Chris reached into his backpack and pulled out two VHS cassettes — one with a computer-generated label that said, “Best of Mr. Fantastic,” the other with a hand-scrawled label that read, “Best of Backyard Wrestling, Vol. 1.”
“It’s not on there,” he said. “It’s on my ‘Whatta Man’ video. Me as a 16-year-old to ‘Whatta Man’” — the song by Salt’n’Pepa:
My man is smooth like Barry, and his voice got bass A body like Arnold with a Denzel face What a man, what a man, what a man What a mighty good man
HERE COMES GREATNESS
For more than two years, filmmaker Matt Luem and his partner Greg Fiering followed Chris Jackson and his friends for an extensive documentary project called Here‰ Comes Greatness. Luem and Fiering discovered the kids the same way many of the kids found out about each other: on the Internet via a Web site for the Backyard Wrestling Association. Curiosity soon bloomed into full-blown obsession: Luem claims to have 2,500 negatives and 140 hours of footage; Fiering has created a 600-page transcript of dialogue from the videotapes. They probably qualify as the phenomenon’s reigning experts.
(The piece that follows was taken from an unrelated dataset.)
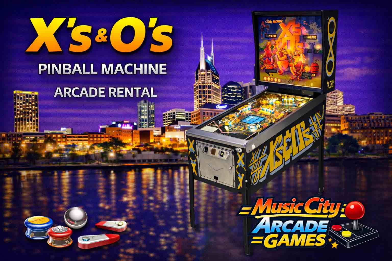 X’s and O’s pinball arcade game rental Nashville from Music City Mini Golf offers fast-paced flipper gameplay, bright visuals, and competitive fun ideal for corporate events, parties, and retro activations.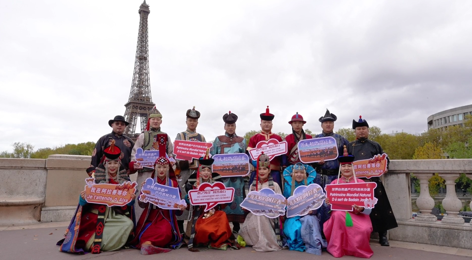 在法國(guó)巴黎市的夏約宮廣場(chǎng)、埃菲爾鐵塔、香榭麗舍大街、巴黎圣母院、凱旋門、國(guó)際大學(xué)城,比利時(shí)布魯塞爾市大廣場(chǎng)、藝術(shù)山等地,阿拉善的烏蘭牧騎演員開(kāi)啟了一場(chǎng)場(chǎng)融合蒙古族華服走秀與快閃歌舞表演,“阿拉善在哪里?”“這服裝太酷了!”“怎么有萬(wàn)馬奔騰的感覺(jué)!”“想去看一看!”“這沙漠也太壯觀了!”快閃路演吸引了法國(guó)、比利時(shí)以及來(lái)自世界各地的游客駐足觀看,喝彩不斷,沉醉其中。

I caught up with Luem at a Santa Monica editing facility where we viewed some of the best incidents he and Fiering had caught on tape: Andre “Youth Suicide” Verdun touching dollar bills to his bloody forehead and handing them out as souvenirs; Verdun attending to a friend’s head wound by Super Glue–ing it shut; Ryan Rage poised to jump off a rooftop holding a championship belt made of cardboard and tin over his head. In one clip, a dusky Latino boy named Eric Trejo is dressed as a masked, lucha libre–style wrestler with a safety-orange baseball cap. His name, Super Chunty, is a play on a typical ethnic slur.
“I actually see a lot of racial unity in backyard wrestling,” Luem said as he finished with the highlights. “Here in California a lot of this is happening in very mixed neighborhoods, very ethnic neighborhoods. There aren’t a lot of kids who will assume other ethnic identities when they’re wrestling, but it has happened.” Another of Eric Trejo’s characters, Luem told me, was named Tasteless Tony 80s. He was a white kid from the ’80s who thought he was a black kid in the ’90s. It was a roundabout send-up of “wiggers” — suburban white kids hooked on rap music and black urban culture. ‰
“You certainly can’t do something like that in sports or even necessarily in theater unless you’re writing the plays,” Luem said. “I think a kid like Chris Jackson is just incredibly bright. If it wasn’t for this kind of phenomenon, I don’t know if he would have ever found an outlet for his creative performance side. In some strange way, wrestling works for him. He can create this character and then use the qualities of that character — the toughness he’s learned, the irreverence — and he can use those qualities to inform his normal life.”
Luem’s background is in punk rock, and he feels a certain affinity between his own passions and those of the backyarders. “The kids are not violence junkies,” he said. “They are adrenaline junkies. They don’t want to hurt each other. In fact, a lot of them have said to me it’s much better to actually be on the receiving end of the blow. Why? Well, think about it: Why would you stand in the front row of a punk rock concert without earplugs when they have those huge speakers? That could be interpreted as a pretty violent experience, but in fact it’s more about the rush of that moment, and the adrenaline you experience as a witness or a participant — if there’s any difference. At punk concerts most of the people watching the bands were in bands themselves. When I went to backyard-wrestling shows, it was usually just other wrestlers.
“What these kids have is a desire to be something that they’re not,” Luem continued. “They want to re-create themselves, particularly at the age when most of them start. They are at that period in their lives where they are thrashing through adolescence and trying to figure out who they are. Physically, they’re changing. Mentally, they’re changing. Their home lives might be unstable. It’s almost like they have inherited this idea of the mutable personality from day one. I call them the post–Mick Foley, post-Madonna generation. When I was growing up, I never thought of just reinventing myself, taking a totally different name and re-imagining myself. Even if I did, I never would have had a place to go with that name. I think the wrestling provides them with a stage for that persona.”
I asked Luem about the kids’ incessant videotaping. “It’s a form of journaling,” he said. “They are journaling their way through adolescence. It is a process that builds some self-awareness. Through backyard wrestling, their lives start to tell a story, and conversely, they use their characters to tell a story about their lives. Previously, these kids didn’t have any narrative that made any sense to them, and they took control of that. They bring in humiliation and redemption. They bring in triumph and defeat. They bring in all these kind of mythic processes and then apply them to their lives. I think that’s one of the most amazing things about it.”